プロローグ
それは桜の花びらが散り、緑色の葉が町のあちこちに生い茂った頃だった。
空に輝くは満月。おぼろげな月明かりで、向かい合った彼女の顔が、血に塗れているのが見えた。その表情に浮かぶのは、恍惚としたような微笑顔だ。
血を好んでいるかのようだ。僕は背筋が寒くなるのを感じながらも、彼女を気遣うことにした。
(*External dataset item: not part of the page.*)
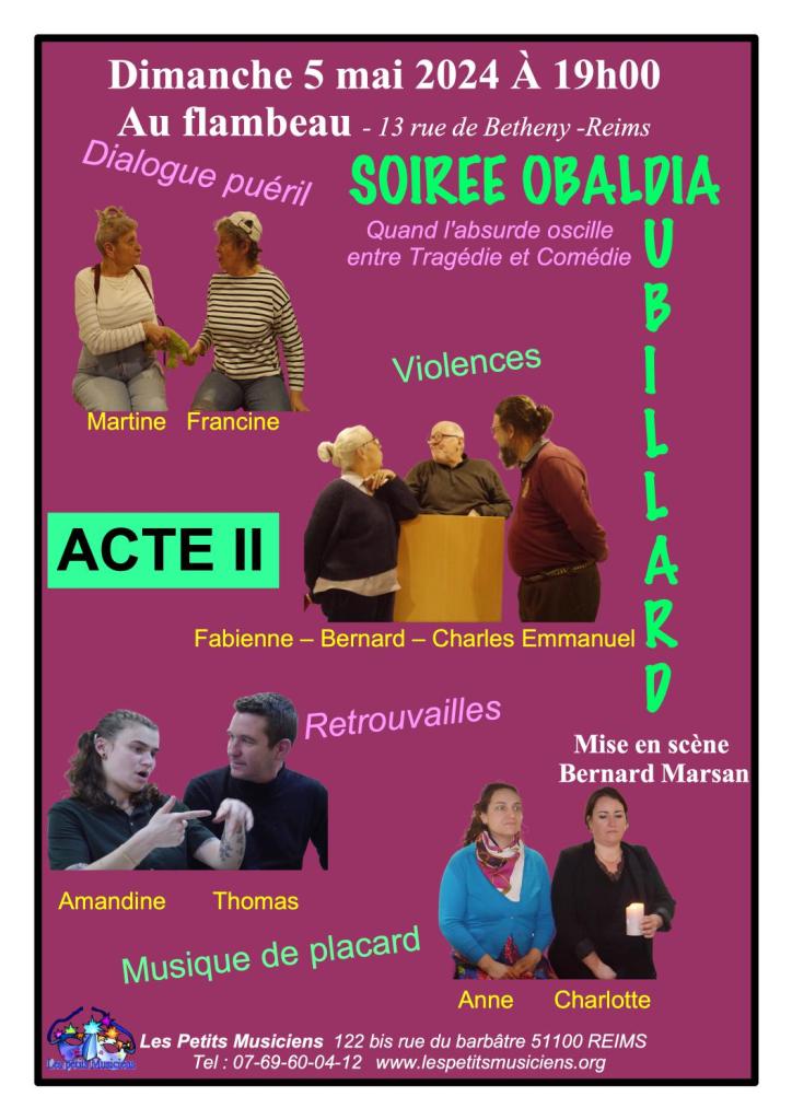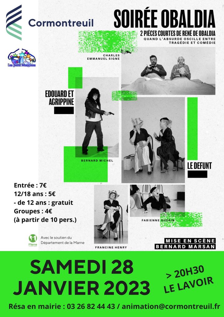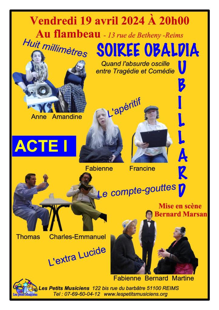 L’atelier théâtre adultes présente : Une soirée Obaldia à l’auditorium Paindavoine à Reims
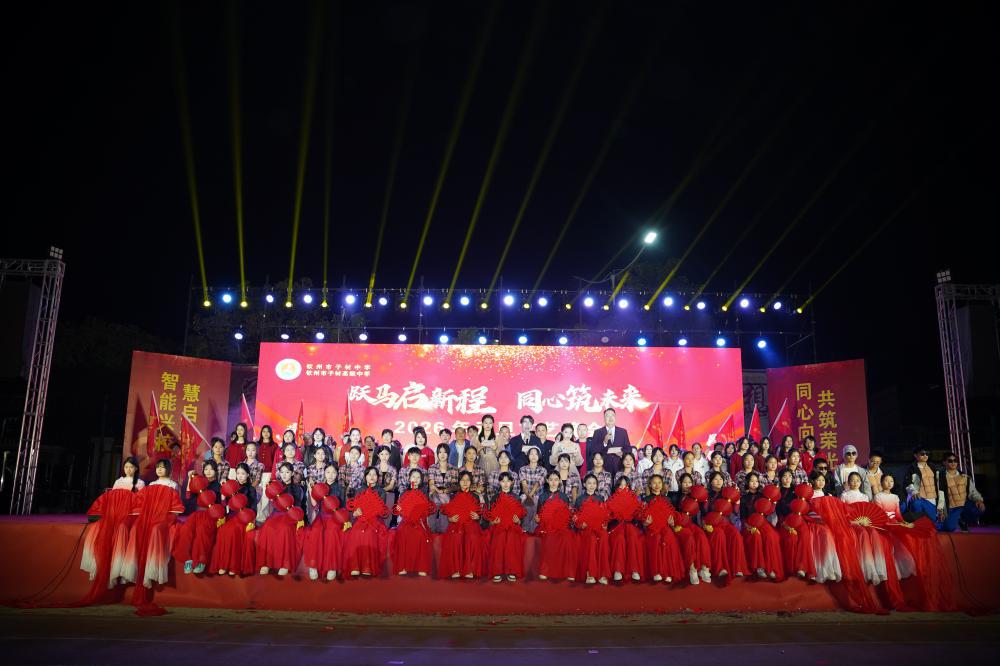 岁序更替,华章日新。2025年12月30日晚,钦州市子材中学灯火璀璨、欢声如潮,以“跃马启新程,同心筑未来”为主题的2026年元旦晚会在全校师生的热切期盼中盛大举行。学校理事长及理事,校长陈静兴、执行校长张生龙等校领导与其他一些学校特邀嘉宾及全体师生欢聚一堂,用歌声、舞蹈与欢笑告别硕果累累的2025,共同迎接充满希望的2026。

僕は誘拐された彼女の救出作戦に関わった協力員だった。彼女をこの手に取り戻したことから、メンタルケアにも手を伸ばそうと考えたのだ。
「大丈夫かい?」
訊ねるが、彼女はそれを聞いていないかのように僕の表情を見つめて微笑んでいる。
その唇が、緩やかに動いた。
「やっと、会えた」
万感の思いを込めたような口調に、僕は戸惑うしかない。
しばらくしてある単語に思い至った。彼女が誘拐された理由を表すもっとも適当な肩書き。予知者に。
「私は、立野栞。よろしくね、椎名司くん」
紹介もしてない僕の名前を、すらすらと彼女の口は紡いでいった。
「流石は予知能力者と言ったところか」
僕は苦笑して、丸い月に視線を逸らした。
「対策会の人達が貴方を迎えに来るまでの付き合いになりますが、よろしくお願いします」
「ううん」
彼女は悪戯っぽく笑って、首を横に振った。
「長い付き合いになると思うよ。司くんとの夢は、何度も見たから」
それが、彼女と僕との付き合いの始まりだった。
長いようで短かった、彼女と一緒にいた時間。
その始まりの記憶は、満月の光と、血の匂いに溢れていた。
「それにしても」
と彼女は言葉を続けた。
「服も顔も血に濡れちゃった。シャワー浴びれるのはいつかなあ」
それは、未来を見通す予知能力者らしからぬ情けない声と言葉だった。
「もうしばらくお待ちを」
僕は慇懃にそう答えた。
相手はVIPだ。無下に扱うことは出来ない。短い付き合いだ、礼の限りを尽くそう。僕の頭にあるのは、そんな考えだった。
僕は心のどこかで、予知能力を侮っていたのかもしれない。
彼女は言ったのだ。長い付き合いになる、と。